Warning: This article contains spoilers for The Flash
“We need a statement, not a manifesto.”
Imperial Grand Moff (and arguable hero of the original trilogy) Wilhuff Tarkin uttered these words upon watching his planet-sized creation prepare to destroy the Holy City of Jeddha in 2016’s Rogue One
Of course, what made this moment so significant was the fact that it wasn’t original actor Peter Cushing saying these words since Cushing had been dead for more than two decades before.
Instead, Disney had recreated Cushing using a digital stand-in and motion capture technology to bring the deceased Tarkin back to life.
The film then concluded with a shot of a CGI Carrie Fisher as New Hope-era Princess Leia, as if Disney needed the cherry on top of its uncanny-valley chocolate sundae.
If Rogue One’s re-creations of Peter Cushing and Carrie Fisher were the statement establishing that Hollywood can resurrect the dead on-screen, then The Flash may be the manifesto.
The long-troubled film tells the story of Barry Allen’s attempt to rewrite his own life story by going back in time to prevent his mother from dying and his father from being sent to prison for her murder.
The first two-thirds of the movie are uneven as Barry tries to undo the damage he has done to the multiverse. The film only hangs together because of Ezra Miller’s dueling performances.
Miller differentiates the two Barries effectively by forcing the older one to become more mature and worldly over the course of the movie while keeping the younger one teetering on the edge of immature obnoxiousness.

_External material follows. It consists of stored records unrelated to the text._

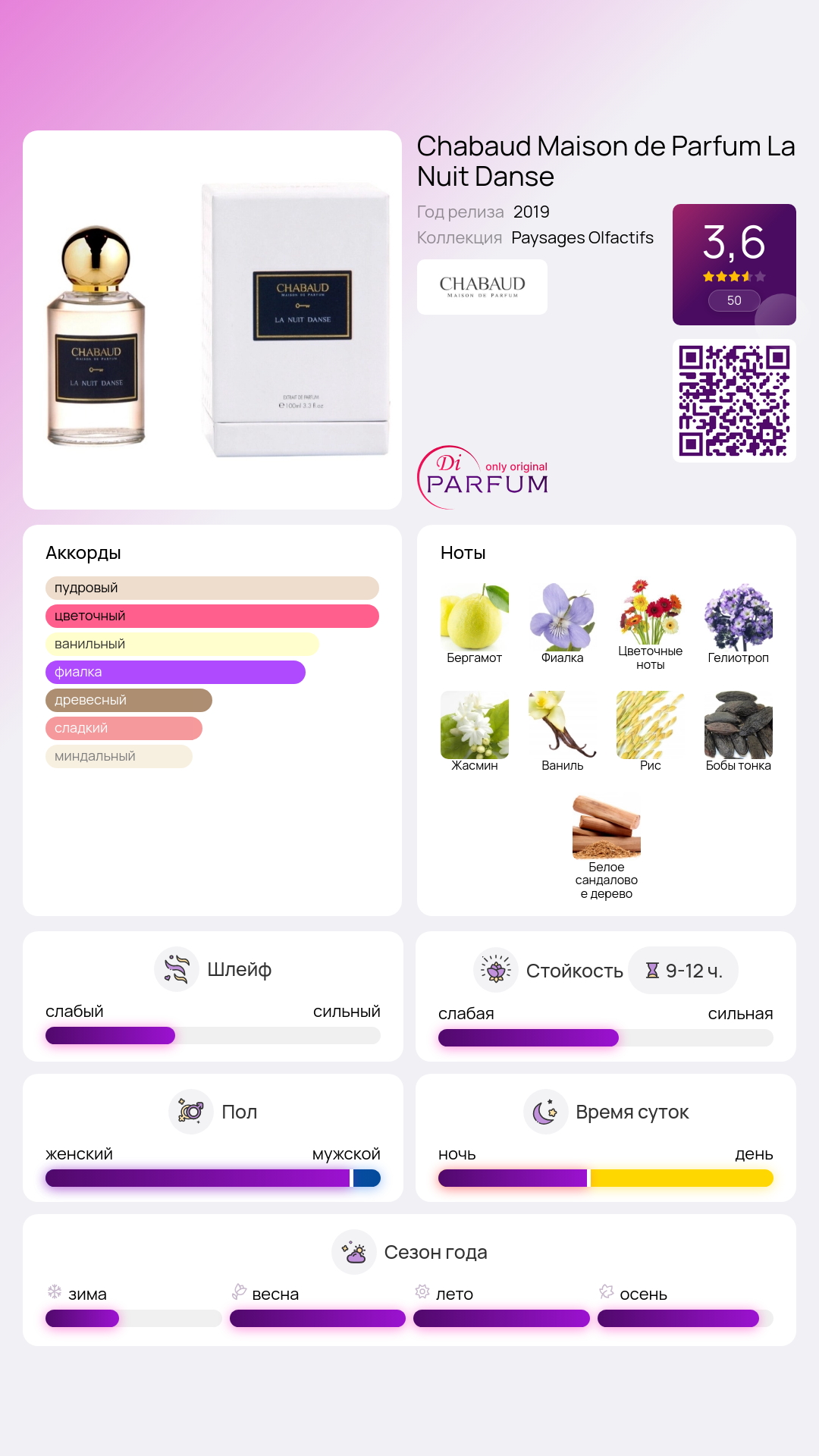 Шлейф, обладающий бархатной текстурой, состоит из молочного риса, элегантного сандалового дерева и ароматных бобов тонка с дымной ванилью, что усиливает соблазнительность букета. Искушающий аромат La Nuit Danse от Chabaud Maison de Parfum — это настоящее волшебство, которое станет великолепным дополнением туалетного столика загадочной и чувственной женщины. Этот парфюм был создан французским брендом в 2019 году.
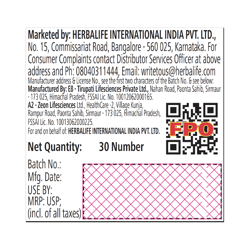<div>Disclaimer :This product is not to diagnose,cure,treat or prevent any disease. This product is not recommended for use by children, women who are pregnant, lactating or have an estrogen-sensitive condition. This product is for adult use only.</div> <div>Herbalife Nutrition products are exclusively available only through its network of independent distributors and not through any unauthorized sellers selling on e-commerce platforms. Herbalife shall not be liable to extend gold standard gurantee and 30-days money-back gurantee on any Herbalife Nutrition products purchased from any unauthorized sales channels.<br /></div>
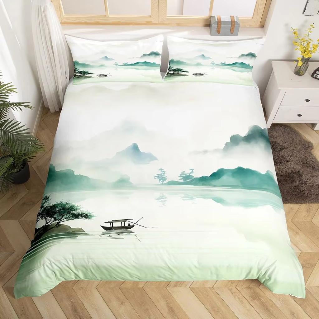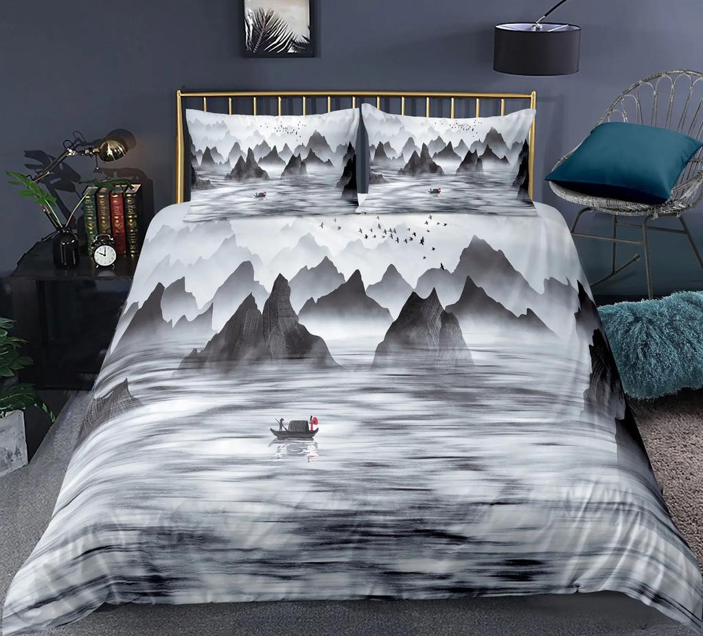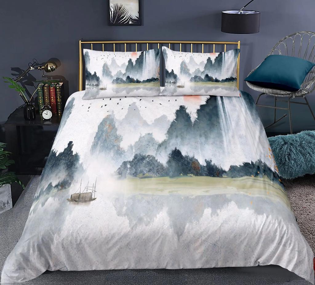 Пейзажный пододеяльник размера кинг-сайз для двуспальной кровати, комплект постельного белья с традиционной китайской культурой, живопись тушью, украшение для дома, набор из 3 предметов
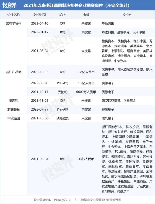 投资界根据公开数据不完全统计,浙江晶圆制造相关企业融资事件累计达8起,其中不乏一批生力军逐步成长为行业中坚力量。
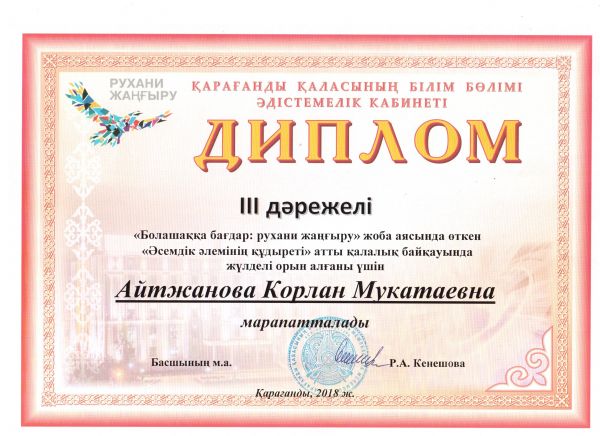 Мектебіміздің технология пәні мұғалімдері «Әсемдік әлемінің құдыреті» қалалық байқауына белсене қатысып жүлделі орындар иеленді.Айтжанова Қорлан Мукатаевна жүлделі 3-орын, Тулегено…
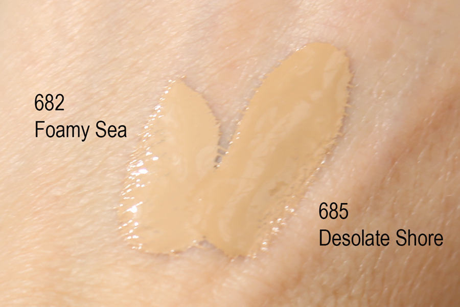 Sain aiemmin testiin sävyn 682 Foamy Sea, joka on vaalea lämmin sävy. Kuvauksensa ja swatchinkin perusteella se vaikutti enemmän minun sävyltäni, mutta onkin kasvoillani hieman liian vaalea. Desolate Shore taas sopii erinomaisesti.
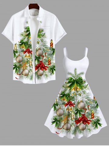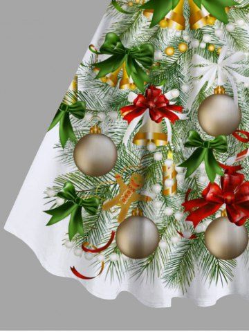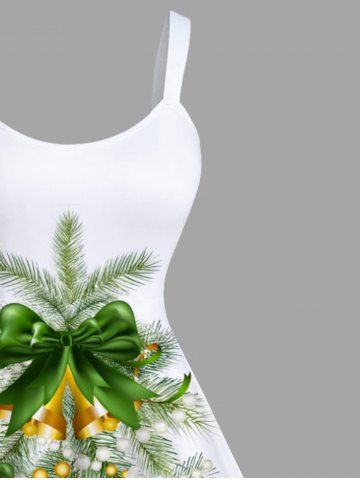 Plus Size Christmas Tree Ball Candle Bells Bowknot Light Print Tank Dress - White - 1x

Michael Keaton’s Bruce Wayne is a welcome return, but you can’t help but feel the dissonance watching his Batman fighting like the Batman of Arkham games. Keaton’s Batman was never an action hero. He was a weird, monosyllabic creation of Tim Burton’s imagination. His inclusion in the fight scenes feels very much like a plug-and-play decision by a studio looking to jam a square Batman into a round hole.
(Also, how often do we need Danny Elfman’s Batman theme droning in the background?)
Following the fight in the third act between Sasha Calle’s disappointingly underutilized Supergirl and Michael Shannon’s completely lifeless Zod, the film delivers what may be Hollywood’s pièce de résistance when it comes to resurrecting the dead.
Director Andy Muschetti gives us footage of George Reeves, Christopher Reeve, Nicolas Cage, Helen Slater, and Teddy Sears, all as their respective versions of Superman, Supergirl, and the Flash. It’s a sequence that cannot help but take the viewers out of the movie – especially when you process an incredibly niche joke about Cage being Superman and fighting a giant spider.
Putting aside any ethical concerns about these cameos, there’s no denying that they are effectively pointless in the grand scheme of the story The Flash is telling.
What’s frustrating is there’s a strong, if somewhat simple, story at the heart of The Flash about learning to come to terms with the scars and trauma that define us. It’s a lesson clearly delivered to Barry towards the beginning of the film by Ben Affleck’s Bruce Wayne – but it takes Barry the length of the story to understand the importance of this lesson.
But all these cameos do is distract us from that story.
These snippets of familiar characters do not actually mean anything to Barry or to his internal conflict. I’m convinced there’s a good film hiding somewhere underneath the layers of distractingly bad CGI and fan service, but we will never get it.
Perhaps the studio lacked faith in the movie to stand on its own — or maybe they took the opportunity to fully wipe the Snyderverse’s slate clean while distracting the audience with shiny faces.
The film’s final 10 minutes do manage to pull it all together with a moving final sequence featuring Barry letting his mother go in a lovely bit of acting by Miller. It then follows by a genuinely uproarious moment featuring George Clooney returning to the role of Bruce Wayne to at least try to wipe away the blandness of a CGI-heavy, stakes-free battle set in a nondescript desert.
The Flash’s expected underperformance at the box office may put the kibosh on explicit references to the multiverse in our movies (and not a moment too soon).
Because if all the multiverse means is the opportunity for fan service by resurrecting dead actors the audience immediately recognizes, then Grand Moff Tarkin was half-right – we didn’t need the statement at all.
Across the Spider-Verse, while much more successful as a story and movie-going experience, suffers from the same thing. Hollywood’s infatuation with the multiverse seems to have drained the industry of all creativity. In a world where anything is possible, then there are no real stakes to ground the story.